NFS on ZFS pure SSD pool

Thu Aug 29 13:49:39 UTC 2013

Sam Fourman Jr wrote:
> 
> 
> 
> 
> 
> 
> On Wed, Aug 28, 2013 at 2:27 PM, Eric Browning <
> ericbrowning at skaggscatholiccenter.org > wrote:
> 
> 
> Rick,
> 
> Sam and I applied the patch (kernel now at r254983M) and set
> vfs.nfsd.tcphighwater=5000
> in sysctl.conf and my CPU is still slammed. SHould I up it to 10000?
> 
> 
> 
> 
> 
> 
> Hello, list
> I am helping Eric debug and test this situation as much as I can.
> 
> 
> So to clarify and recap, here is the situation:
> 
> 
> 
> This is a production setting, in a school, that has 200+ students
> using a mix of systems,with the primary client being OSX 10.8.
> and the primary function is using NFS.
> 
I haven't touched a Mac in several years, but I think Finder probes at
regular intervals to see if directories (oops, I meant folders;-) have
changed. I think there is a way to increase the interval time between
probes.
Also, I think there are tunables for the metadata cache in ZFS, which
might be useful for increasing the metadata cache sizes, since the probes
will be checking metadata (attributes).

If this is contributing the the heavy load, I'd suspect "nfsstat -e -s"
to show a large count for Getattr. (I vaguely remember that NFSv4 mounts
were in use. The counts of everything is larger for NFSv4, since they
are counts of operations and not RPCs.
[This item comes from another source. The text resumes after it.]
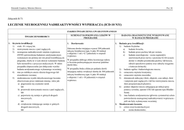 Dziennik Urzędowy Ministra Zdrowia – 755 – Poz. 66 Załącznik B.73. LECZENIE NEUROGENNEJ NADREAKTYWNOŚCI WYPIERACZA (ICD-10 N31) ZAKRES ŚWIADCZENIA GWARANTOWANEGO SCHEMAT DAWKOWANIA LEKÓW W PROGRAMIE ŚWIADCZENIOBIORCY 1. Kryteria kwalifikacji: 1) wiek: 18 i więcej lat; 2) nietrzymanie moczu z parć naglących; 3) neurogenna nadreaktywność mięśnia wypieracza (NNW) potwierdzona badaniem urodynamicznym wykonanym nie później niż rok przed kwalifikacją do programu, chyba że w tym okresie wykonanie badania było niemożliwe z przyczyn medycznych. W takim przypadku dopuszczalne jest dołączenie wyniku badania urodynamicznego wykonanego wcześniej; 4) stan po stabilnym urazie rdzenia kręgowego lub stwardnienie rozsiane; 5) niedostateczne wyniki dotychczasowego leczenia obserwowane przez minimum miesiąc, takie jak: a) pogorszenie się czynności nerek lub b) przetrwałe nietrzymanie moczu z parć naglących, lub c) pojawienie się zastoju w górnych drogach moczowych, lub d) zwiększenie istniejącego zastoju w górnych drogach moczowych, lub 1. Dawkowanie: BADANIA DIAGNOSTYCZNE WYKONYWANE W RAMACH PROGRAMU 1. Zalecana dawka inicjująca wynosi 200 jednostek toksyny botulinowej typu A jako 30 iniekcji o objętości 1 ml (~6,7 jednostek) w mięsień wypieracz. W przypadku dobrego efektu leczniczego należy w leczeniu podtrzymującym stosować podobne dawki leku. W przypadku braku efektu po podaniu dawki inicjującej należy zwiększyć dawkę do 300 jednostek toksyny botulinowej typu A jako 30 iniekcji o objętości 1 ml (~10 jednostek) w mięsień wypieracz. 2. Badania przy kwalifikacji: 1) badanie fizykalne: a) badanie brzucha, b) badanie przez pochwę lub per rectum, c) badanie neurologiczne - ocena segmentów unerwionych przez nerwy z poziomu S2-S4 (czucie skórne w obrębie przedsionka pochwy lub krocza, odruch opuszkowo-jamisty oraz odruchy ścięgniste z kończyn dolnych); 2) badanie ogólne i bakteriologiczne moczu; 3) oznaczenie stężenia kreatyniny; 4) oznaczenie stężenia mocznika; 5) dzienniczek mikcyjny (ilość, objętość, czas mikcji, ilość i natężenie parć naglących z lub bez nietrzymania moczu, ilość przyjmowanych płynów); 6) pomiar objętości moczu zalegającej po mikcji (przy pomocy cewnika, aparatu USG lub aparatu typu Bladder Scan); 7) inne badania urodynamiczne (głównie cystometria) celem potwierdzenia neurogennej nadreaktywności wypieracza – jeśli nie były wykonywane wcześniej. Monitorowanie leczenia: 1) celem wizyt kontrolnych jest: a) ocena skuteczności, Dziennik Urzędowy Ministra Zdrowia e) pojawienie się objawowych, nawracających zakażeń górnych dróg moczowych, lub nietolerancja leczenia antycholinergicznego (należy wypróbować minimum dwa leki antycholinergiczne, każdy przez minimum miesiąc): a) zaburzenia rytmu serca, b) zaburzenia pamięci, c) zaburzenia żołądkowo-jelitowe i połykania, powodujące zaburzenia odżywiania, d) zaburzenia widzenia powodujące istotne upośledzenie wzroku; 6) zgoda pacjenta na konieczność czystego przerywanego cewnikowania (CIC) w razie potrzeby; 7) negatywny wywiad w kierunku nadwrażliwości na kompleks neurotoksyny Clostridium botulinum typu A lub na którykolwiek ze składników produktu; 8) negatywny wywiad w kierunku: a) neuropatii obwodowych, b) zaburzeń przewodnictwa nerwowo-mięśniowego (myasthenia gravis, miasteniczny zespół Lamberta-Eatona); 9) niestosowanie aminoglikozydów, pochodnych kurary czy innych leków zaburzających przewodnictwo nerwowo-mięśniowe. Kryteria kwalifikacji muszą być spełnione łącznie. 2. Określenie czasu leczenia w programie: 1) leczenie trwa do czasu podjęcia przez lekarza prowadzącego decyzji o wyłączeniu świadczeniobiorcy z programu, w wyniku braku skuteczności leczenia lub zgodnie z pozostałymi kryteriami wyłączenia; 2) w sytuacji niepowodzenia terapii (pierwszego podania), podanie toksyny botulinowej można powtórzyć, – 756 – Poz. 66 ocena ewentualnych wskazań do wdrożenia samocewnikowania, c) ocena objętości moczu zalegającego po mikcji u pacjentów niecewnikowanych, d) monitorowanie w kierunku ewentualnych zakażeń dróg moczowych; 2) wizyty kontrolne według następującego schematu: a) pierwsza wizyta po 2 tygodniach (lub wcześniej, jeżeli istnieją wskazania), b) kolejne wizyty co 3 miesiące (lub wcześniej, jeżeli istnieją wskazania). b) 3. Monitorowanie programu 1) gromadzenie w dokumentacji medycznej pacjenta danych dotyczących monitorowania leczenia i każdorazowe ich przedstawianie na żądanie kontrolerów Narodowego Funduszu Zdrowia. 2) uzupełnienie danych zawartych w rejestrze (SMPT) dostępnym za pomocą aplikacji internetowej udostępnionej przez OW NFZ, z częstotliwością zgodną z opisem programu oraz na zakończenie leczenia. 3) przekazywanie informacji sprawozdawczorozliczeniowych do NFZ: informacje przekazuje się do NFZ w formie papierowej lub w formie elektronicznej, zgodnie z wymaganiami opublikowanymi przez Narodowy Fundusz Zdrowia. Dziennik Urzędowy Ministra Zdrowia 3. jednakże nie wcześniej niż po 3 miesiącach. W sytuacji niepowodzenia po dwóch kolejnych podaniach toksyny botulinowej, pacjent jest dyskwalifikowany z programu lekowego; 3) w sytuacji powodzenia terapii, podania toksyny botulinowej można powtarzać, jednakże nie częściej niż od 6 do 9 miesięcy. Kryteria wyłączenia z programu: 1) brak skuteczności leczenia definiowany jako nieuzyskanie zmniejszenia liczby epizodów nietrzymania moczu na tydzień o ≥ 50 % w stosunku do poziomu wyjściowego (ocena na podstawie dzienniczka mikcji prowadzonego przez 7 dni, nie wcześniej niż po upływie 6 tygodni i nie później niż po upływie 12 tygodni od podania toksyny botulinowej); 2) nieprowadzenie dzienniczka mikcji; 3) brak zgody lub przeciwwskazania do wykonania czystego przerywanego cewnikowania; 4) nadwrażliwość na kompleks neurotoksyny Clostridium botulinum typu A lub na którykolwiek ze składn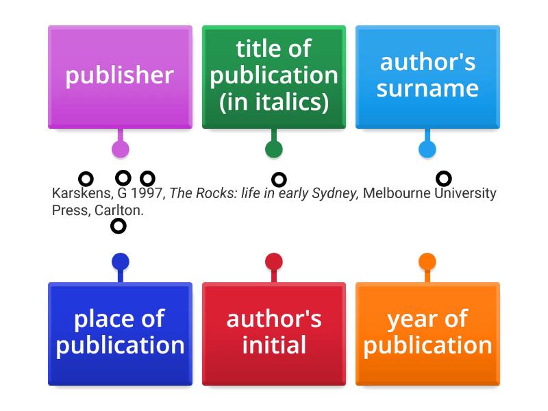 author's surname, author's initial, year of publication, title of publication (in italics), publisher, place of publication.

Each NFSv4 RPC is a compound made
up of N operations.)

Just something that might be worth looking at, rick

> 
> from what I can see there should be plenty of disk I/O
> 
> these are Intel SSD disks..
> 
> 
> The server is running FreeBSD 9-STABLE r254983 (we patched it last
> night)
> 
> with this patch
> http://people.freebsd.org/~rmacklem/drc4-stable9.patch
> 
> 
> 
> Here is a full dmesg for reference (it states FreeBSD 9.1,but we have
> since
> upgraded and applied the above patch)
> 
> 
> https://gist.github.com/sfourman/6373059
> 
> 
> 
> 
> 
> 
> 
> 
> 
> The main problem is we need better performance from NFS, but
> it would appear the server is starved for CPU cycles....
> 
> 
> With only a few clients the server is lightning fast but
> with 25 users logging in this morning (students in class) the server
> went right to 1200% CPU load
> and about 3 00% more going to "intr" and it pretty much stayed there
> all day until they logged out between classes.
> 
> 
> So that works out to be somewhere between 2 to 4 users per core
> 
I'm not the guy to be able to help with how to do it, put profiling the
running kernel to try and see where the CPU is being used, could help.
(At this point, I suspect it isn't in the nfs code, since the DRC seems
 to be the only CPU hog and I think the patch you are already using fixes
 that.)

Good luck with it, rick

> 
> 
> during today's classes, different settings for vfs.nfsd.tcphighwater
> were tested
> various ranges from 5,000 up to 50,000 were used while a load was
> present, but
> the processor load didn't change.
> 
> 
> Garrett stated that he tried values in upwards of 100,000... this can
> be tested tomorrow
> 
> 
> 
> 
> It would be helpful if we could get some direction, on other things
> we might try tomorrow.
> 
> 
> one idea is, the server has several igb Ethernet interfaces with 8
> queue's per interface
> is it worth forcing the interfaces down to one queue?
> 
> 
> Is NFS even setup to understand multi queue network devices? or
> doesn't it matter?
> 
> 
> Any thoughts are appreciated --
> 
> Sam Fourman Jr.
>